Further, prohibiting the NRSROs from - directly or indirectly - issuing more stock to the public would have the effect of
preventing both potential clients from becoming shareholders and profits from becoming
the sole point of the business.
Finally, introducing the fear of regulatory fine would supplant and
improve upon the current emphasis on ratings disclosure enforced by the SEC.
One
concern with such flattening of the fee scale cautions that some firms may
still gain favored status because of the sheer volume of credit ratings they
require. However, in combination with
the other provisions, the credit rating agencies should be in a position where
their clients need them, and not vice versa.
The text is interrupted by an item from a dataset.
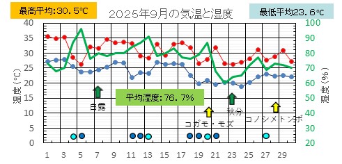 晴れ:14日 曇り:6日 小雨:4日 雨:9日 夏日:17日 真夏日:5日 |

Additionally, any concerns with government entanglements with private
enterprise have surely been mooted by the events of 2008/2009, wherein nine of
the largest banks took on the U.S. government as a shareholder (at
approximately $25 billion of TARP money apiece); this month alone, a large
financial services firm received approval to redeem its preferred shares owned
by the government via the Bailout.
The
meltdown of the American economy has been well documented by the financial,
legal, and academic communities. The general consensus is that some form of new
legislation or regulation needs to be implemented in order to prevent such a
calamity from recurring in the future. The consensus seems to stop there, and
the range of proposed remedies has been diverse: create a consumer protection agency;
regulate hedge funds; place limits on executive compensation; have the
government become a shareholder in major domestic corporations; and provide
additional more cash for those corporations. Increasing regulation of the NRSROs is a straightforward
and attainable solution that should appeal to both sides of the aisle. It bears repeating that the dangers of impartial
judging are with us still. Indeed, the changes
to money market fund regulation just announced by the SEC are intrinsically
tied to NRSRO ratings. Such targeted reforms might
best be progressed through delay - specifically, until the underlying ratings
model can be made more neutral through enhanced regulation and partial ownership by the federal government.